Bundesarbeitsgericht zu Gebot fairen Verhandelns

Aufhebungsvertrag ohne Bedenkzeit und Rechtsrat wirksam?

Veröffentlicht: 04.03.2022 | Geschrieben von: Melvin Louis Dreyer | Letzte Aktualisierung: 16.03.2022
Person mit Kugelschreiber über Vertrag

Oft werden Arbeitsverhältnisse nicht durch eine Kündigung, sondern durch einen Aufhebungsvertrag beendet. Hierbei besteht das Gebot des fairen Verhandelns. In einem aktuellen Fall hatte sich das Bundesarbeitsgericht (BAG) mit der Situation zu beschäftigen, dass eine Arbeitnehmerin den Fortbestand ihres Arbeitsverhältnisses geltend machte. Zuvor hatte sie einen solchen Aufhebungsvertrag unterzeichnet. Ihre Behauptung: Für den Fall, dass sie den Vertrag nicht unterzeichne, sei ihr mit der Erklärung einer außerordentlichen Kündigung und der Erstattung einer Strafanzeige gedroht worden. 

Ihre Revision zum BAG (Urteil v. 24.02.2022, Az. 6 AZR 333/21) hatte aber keinen Erfolg, so das Gericht in seiner Pressemitteilung. 

Arbeitnehmerin habe versucht, höheren Verkaufsgewinn vorzuspiegeln

Ende 2019 kam es zum Gespräch zwischen der Arbeitnehmerin, dem Geschäftsführer des Unternehmens und dessen Rechtsanwalt. Der Klägerin gegenüber, die als Teamkoordinatorin Verkauf im Bereich Haustechnik beschäftigt war, wurde der Vorwurf erhoben, sie habe unberechtigt Einkaufspreise in der EDV des Unternehmens abgeändert, bzw. reduziert, um einen höheren Verkaufsgewinn vorzuspiegeln.

Laut der Pressemitteilung des Gerichts unterzeichnete sie nach zehn Minuten, die die Beteiligten zusammen schweigend im Raum gesessen hatten, den vorbereiten Aufhebungsvertrag. Dieser sah eine einvernehmliche Beendigung des Arbeitsverhältnisses vor, die weiteren Details des Gesprächsverlaufs seien jedoch streitig geblieben. 

Widerrechtliche Drohung durch Arbeitgeber?

Grundsätzlich sind geschlossene Verträge einzuhalten – auch dann, wenn sie im Rückblick nachteilig erscheinen.

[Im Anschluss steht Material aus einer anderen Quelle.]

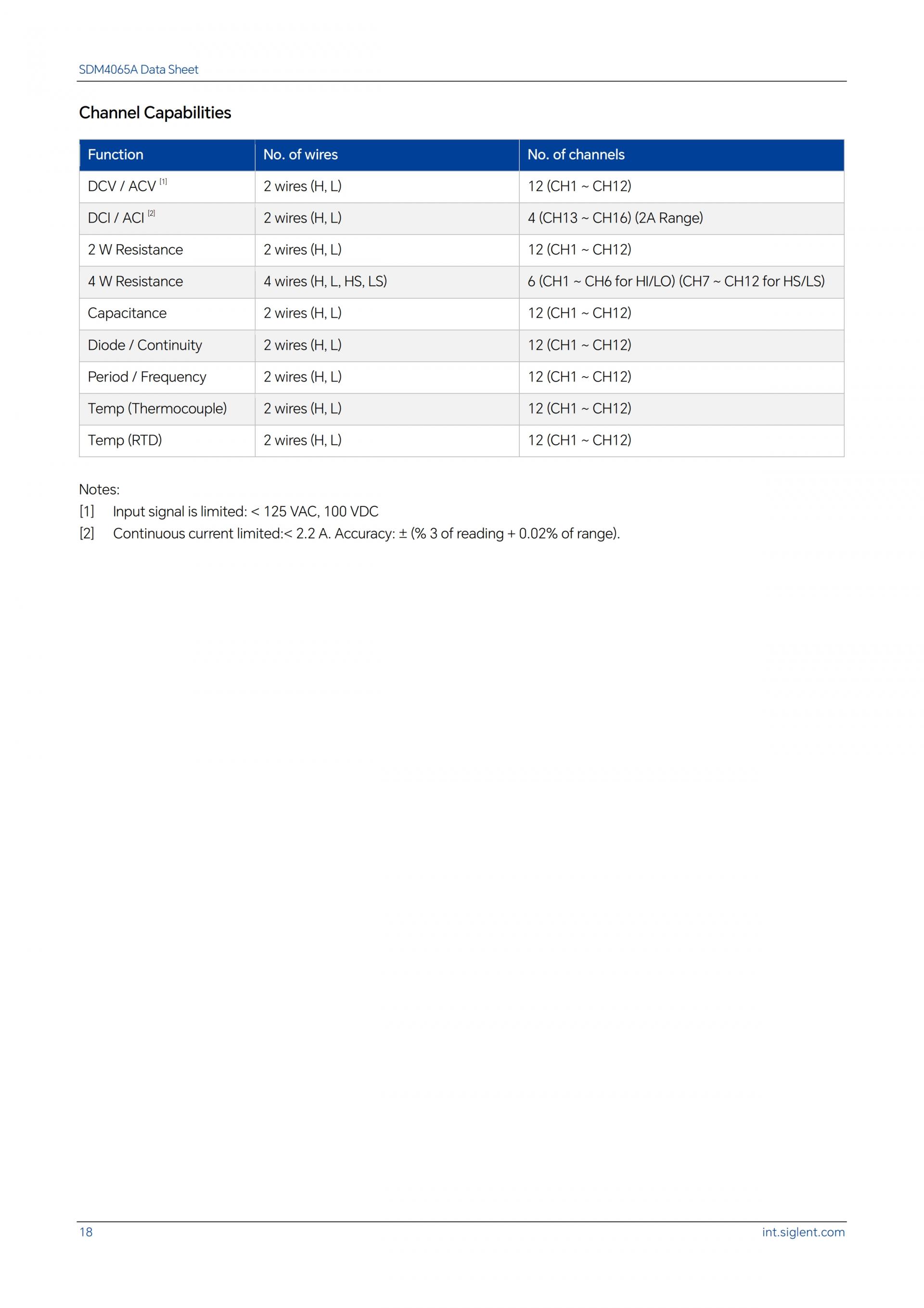 SIGLENT SDM4065A-SC에는 다점 측정 기능을 제공하는 멀티플렉서가 포함되어 있습니다. 이 스캐너는 12개의 다목적 채널과 4개의 전류 채널을 갖추고 있으며, DCV, ACV, DCI, ACI, 2WR, 4WR, CAP, FREQ, DIODE, CONT 및 TEMP(RTD 및 열전대) 측정 기능을 지원합니다. 여러 측정 지점 또는 신호가 필요한 테스트 애플리케이션에 편리하고 다재다능한 솔루션을 제공하며, R&D 번인 및 생산 테스트에 이상적인 도구입니다.

Will man sich lösen, so ist das, je nach Fall, nur in bestimmten Fällen möglich. Die klagende Arbeitnehmerin nun focht den Vertrag wegen widerrechtlicher Drohung an. Eine Willenserklärung, die unter widerrechtlicher Drohung und damit einhergehend einer Beeinträchtigung der Entscheidungsfreiheit abgeben wird, kann grundsätzlich durch solch eine Anfechtung beseitigt werden.

Die Klägerin behauptete, dass ihr die Erklärung einer außerordentlichen Kündigung und die Erstattung einer Strafanzeige für den Fall in Aussicht gestellt worden sei, dass sie den Aufhebungsvertrag nicht unterzeichne. Ihrer Bitte nach einer längeren Bedenkzeit und der Möglichkeit, einen Rechtsrat einzuholen, habe man nicht entsprochen. Darin liege ein Verstoß gegen das Gebot des fairen Verhandelns. 

Bundesarbeitsgericht: Arbeitnehmerin nicht unfair behandelt

Vor dem zuständigen Senat des Bundesarbeitsgerichts hatte die Klägerin damit keinen Erfolg. Grundsätzlich müsse ein Verstoß gegen das Gebot fairen Verhandelns anhand der Gesamtumstände im Einzelfall entscheiden werden. Selbst wenn man den Gesprächsablauf zu ihren Gunsten unterstelle, würde es an der Widerrechtlichkeit der behaupteten Drohung fehlen. Der Arbeitgeber hätte sowohl die Erklärung einer außerordentlichen Kündigung als auch die Erstattung einer Strafanzeige ernsthaft erwägen dürfen. Das zuvor mit dem Fall befasste Landesarbeitsgericht sei zutreffend zu dem Schluss gelangt, dass die beklagte Arbeitgeberin nicht unfair verhandelt habe, auch sei die Entscheidungsfreiheit der klagenden Arbeitnehmerin nicht dadurch verletzt worden, dass die Beklagte den Aufhebungsvertrag zu einer sofortigen Annahme unterbreitete und sie dadurch sofort entscheiden musste.